Data Loading, Storage, and File Formats
Reading and Writing Data in Text Format
pandas features a number of functions for reading tabular data as a DataFrame object. Some functions are :
Function | Description |
---|---|
read_csv | Load delimited data from a file, URL, or file-like object; use comma as default delimiter |
read_table | Load delimited data from a file, URL, or file-like object; use tab (‘\t’) as default delimiter |
read_fwf | Read data in fixed-width column format (i.e., no delimiters) |
read_clipboard | Version of read_table that reads data from the clipboard; useful for converting tables from web pages |
read_excel | Read tabular data from an Excel XLS or XLSX file |
read_hdf | Read HDF5 files written by pandas |
read_html | Read all tables found in the given HTML document |
read_json | Read data from a JSON (JavaScript Object Notation) string representation |
read_msgpack | Read pandas data encoded using the MessagePack binary format |
read_pickle | Read an arbitrary object stored in Python pickle format |
read_sas | Read a SAS dataset stored in one of the SAS system’s custom storage formats |
read_sql | Read the results of a SQL query (using SQLAlchemy) as a pandas DataFrame |
read_stata | Read a dataset from Stata file format |
read_feather | Read the Feather binary file format |
These functions have optional arguments which may fall into few categories :
- Indexing - Can treat one or more columns as the returned DataFrame, and whether to get column names from the file, the user, or not at all.
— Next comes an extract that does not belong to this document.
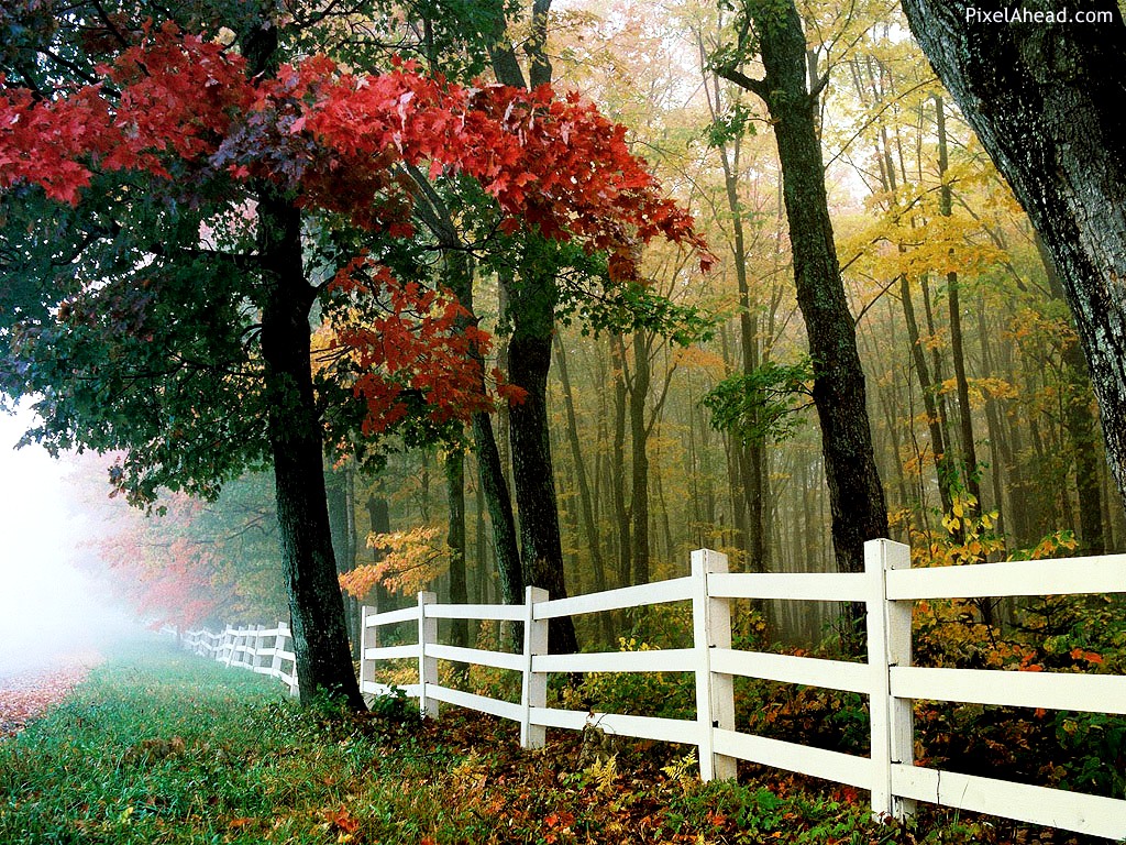 Description: A white fence in a forest with trees and leaves on the ground and fog in the air and a red tree.

- Type inference and data conversion - This includes the user-defined value conversions and custom list of missing value markers.
- Datetime parsing - Includes combining capability, including combining date and time information spread over multiple columns into a single column in the result.
- Iterating - Support for iterating over chunks of very large files.
- Unclean data issues - Skipping rows or a footer, comments, or other minor things like numeric data with thousands separated by commas.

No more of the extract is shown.